My cousin bought this AC 160 he is complaining that it doesn't stop well. My father believed that tractors where red and green and pumpkins where orange . So I know nothing about AC stuff but from what I found on the internet I believe the brakes on this 160 are similar to the brakes on a IH 560. So am I correct to take them apart clean with brake clean and scuff brake disc with wire wheel reassemble and should be good to stop or am I missing something.


----------



## Vol (Jul 5, 2009)

farmerbrown said:


> My cousin bought this AC 160 he is complaining that it doesn't stop well.
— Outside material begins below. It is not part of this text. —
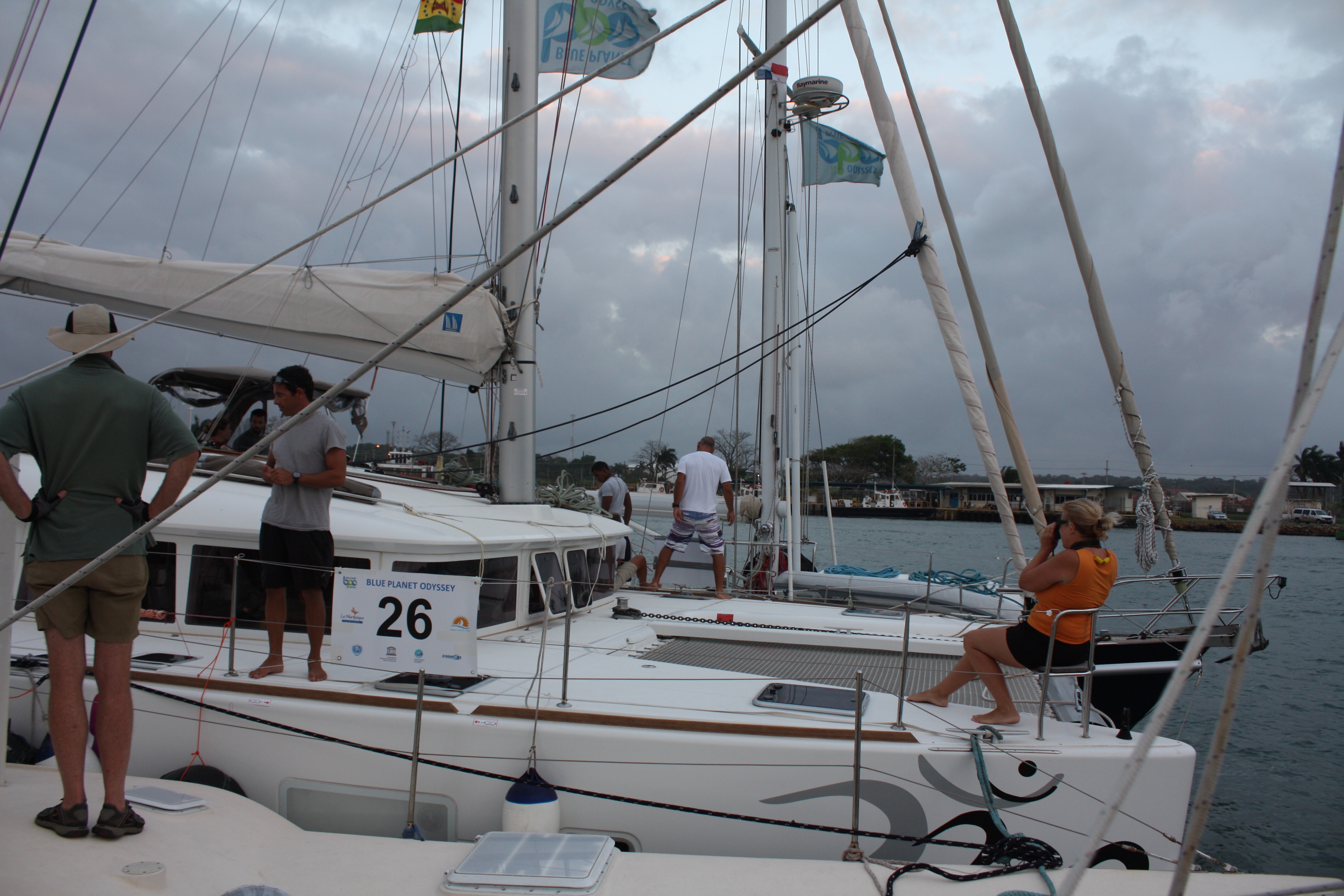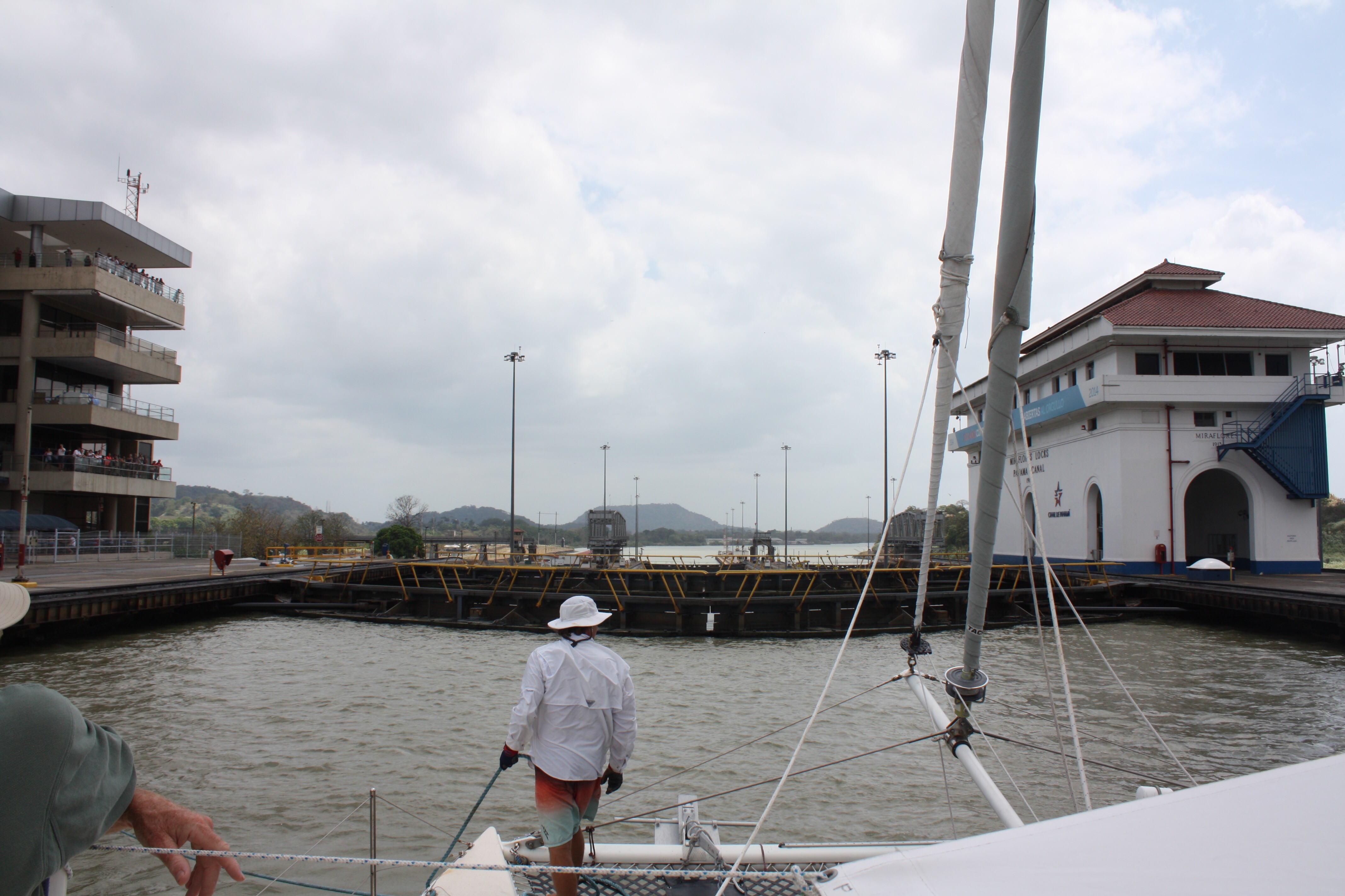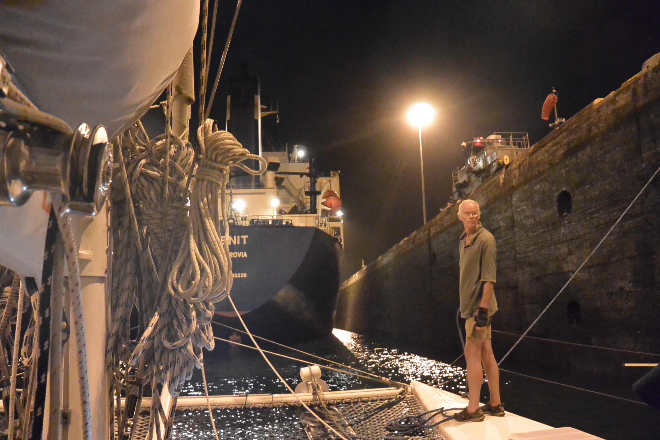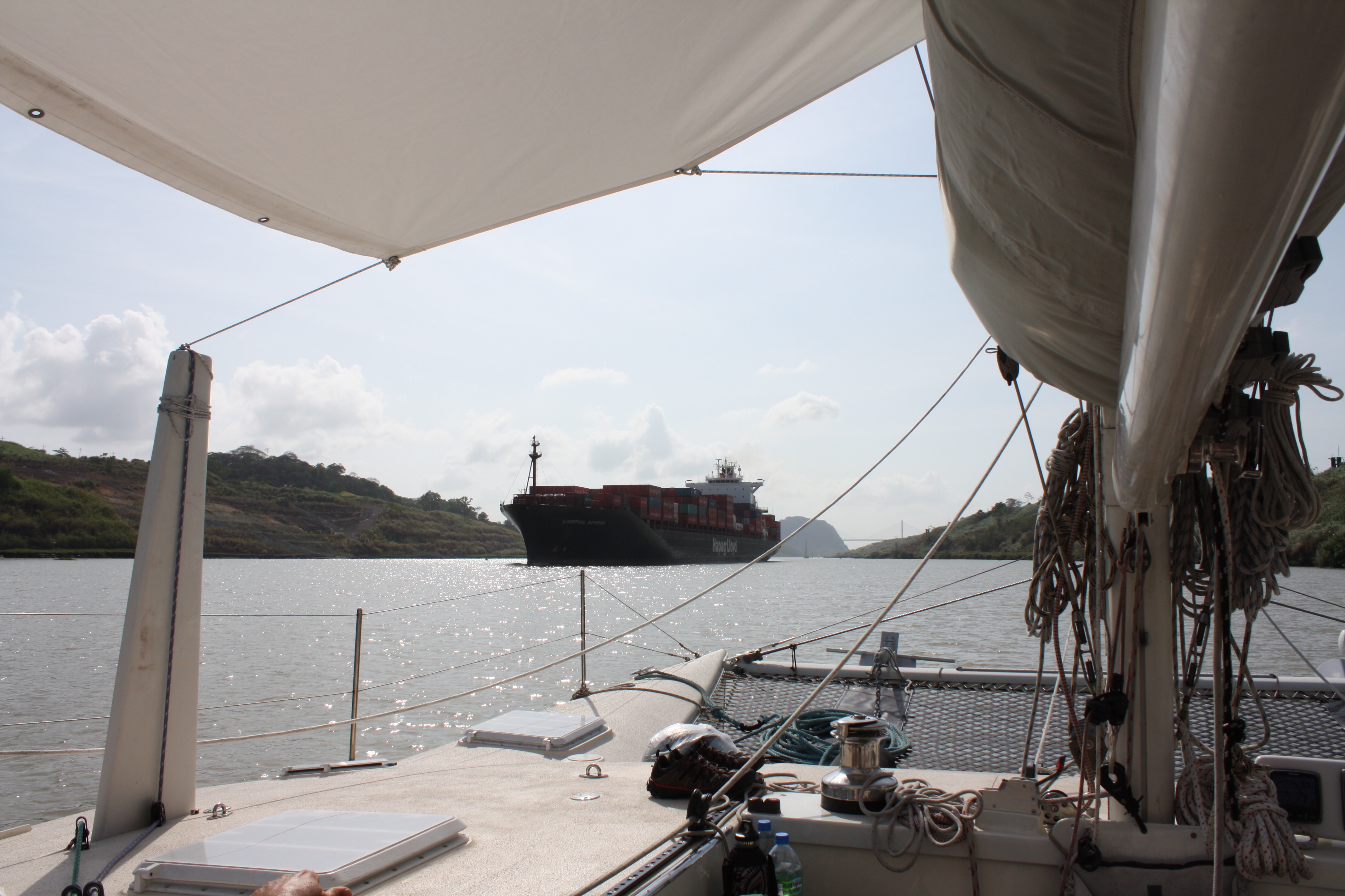 The first batch of six Odyssey boats completed their canal transit today, We are scheduled to transit with four other boats starting tomorrow, probably late afternoon, probably reaching Gatun Lake after dark, and spending the night there. Tuesday should be an early start, and into the Pacific by late afternoon. It’s all a little uncertain because we’re in the middle of Carnival, which is a big holiday here, and we can’t count on people showing up and keeping promises after they’ve been out partying all night…

My father believed that tractors where red and green and pumpkins where orange . So I know nothing about AC stuff but from what I found on the internet I believe the brakes on this 160 are similar to the brakes on a IH 560. So am I correct to take them apart clean with brake clean and scuff brake disc with wire wheel reassemble and should be good to stop or am I missing something.


Send stack em up a PM. He is a AC knowledgable.

Regards, Mike


----------



## mlappin (Jun 25, 2009)

From looking at the parts breakdown on Agco's site they look very similar to what a lot of the Oliver's used although it appears the adjustment is different. Sometimes the grooves in the discs get completely full of brake dust, especially if it's seeping a little gear oil, sometimes cleaning the discs help, sometimes just need new discs if no adjustment is left. It won't take very much wear on the disc compared to new until they just don't work correctly. Biggest indicator of needing new discs is if the brakes won't release once applied unless you move in the opposite direction.


----------